The Federal Emergency Management Agency (FEMA) recently unveiled its National Risk Index (NRI) for natural hazards. The online mapping application identifies communities most at risk for 18 types of events. It visualizes the risk metrics and includes data about expected annual losses, social vulnerabilities, and community resilience.
Zuzak explained that the NRI draws from a wide range of data and analytics resources and considers the probabilities or frequencies of 18 natural hazards and the population and property value exposed. Expected annual loss is calculated separately for each hazard, then summed to generate a composite score for all 18.

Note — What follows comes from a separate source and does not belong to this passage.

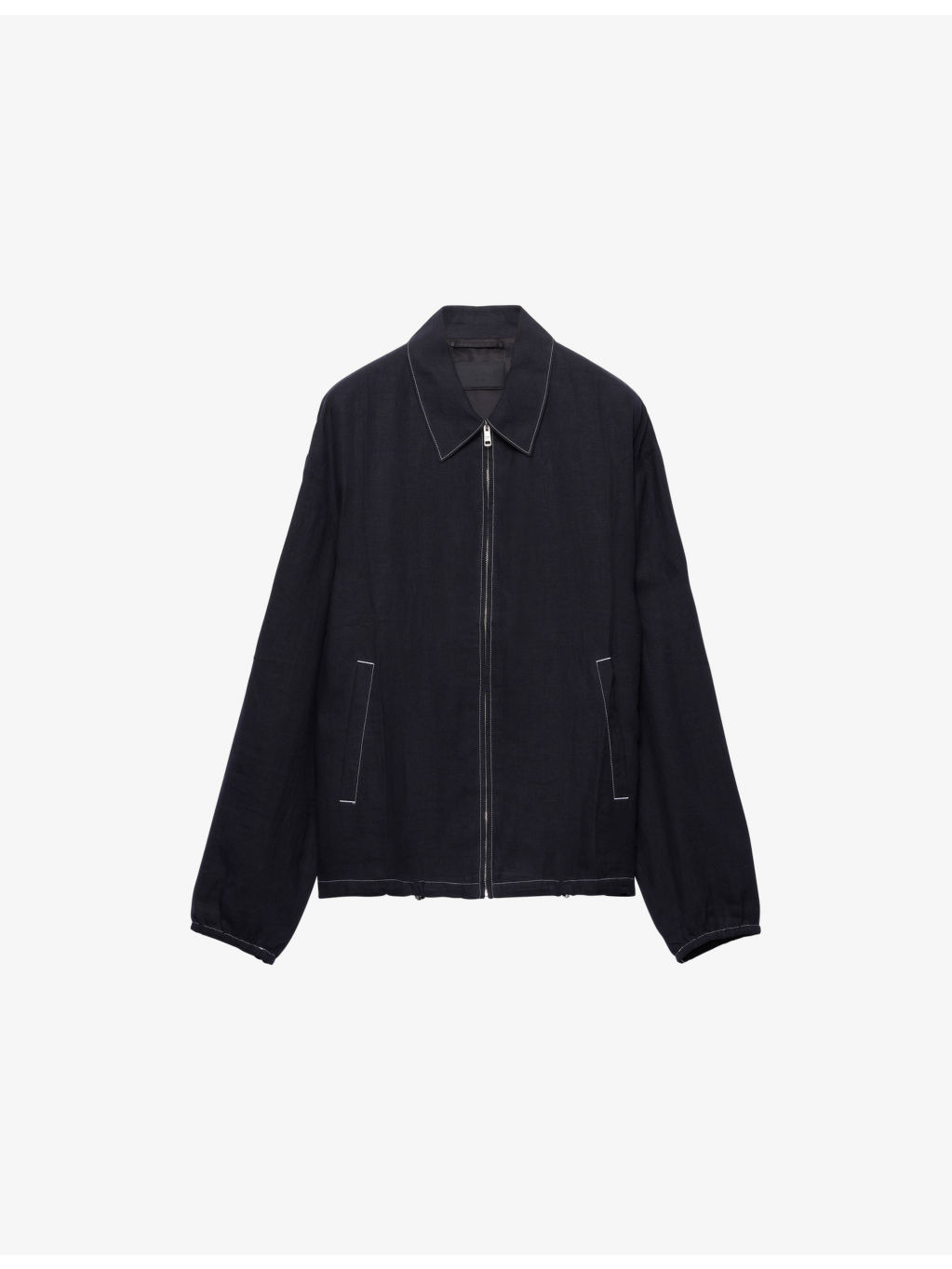 PRODUCT DETAILS - Prada cotton jacket - 100% cotton - Exposed zip fastening at front - Relaxed fit, shirt collar, dropped shoulders, long sleeves with elasticated cuffs, welt pockets at front, fabric triangle logo at back, straight hem with elastic drawstring, lined, contrast stitching around trim - Made in Italy - Model is 6ft 2in/1.88m and wears a size medium - Midweight, non-stretch - Please note, we are unable to accept in-store returns on Prada orders Ref: R04435851

NRI enables FEMA to talk with communities about specific risks, identify high-impact mitigation opportunities, and learn how they can make the best use of their risk-management resources.
“NRI wasn’t built in a silo,” Zuzak said. “We brought in local and county and state governments, tribal and territorial governments to make sure we had the best available data. We also brought in academia, nonprofit organizations, and private industry to make sure we had everyone’s input.”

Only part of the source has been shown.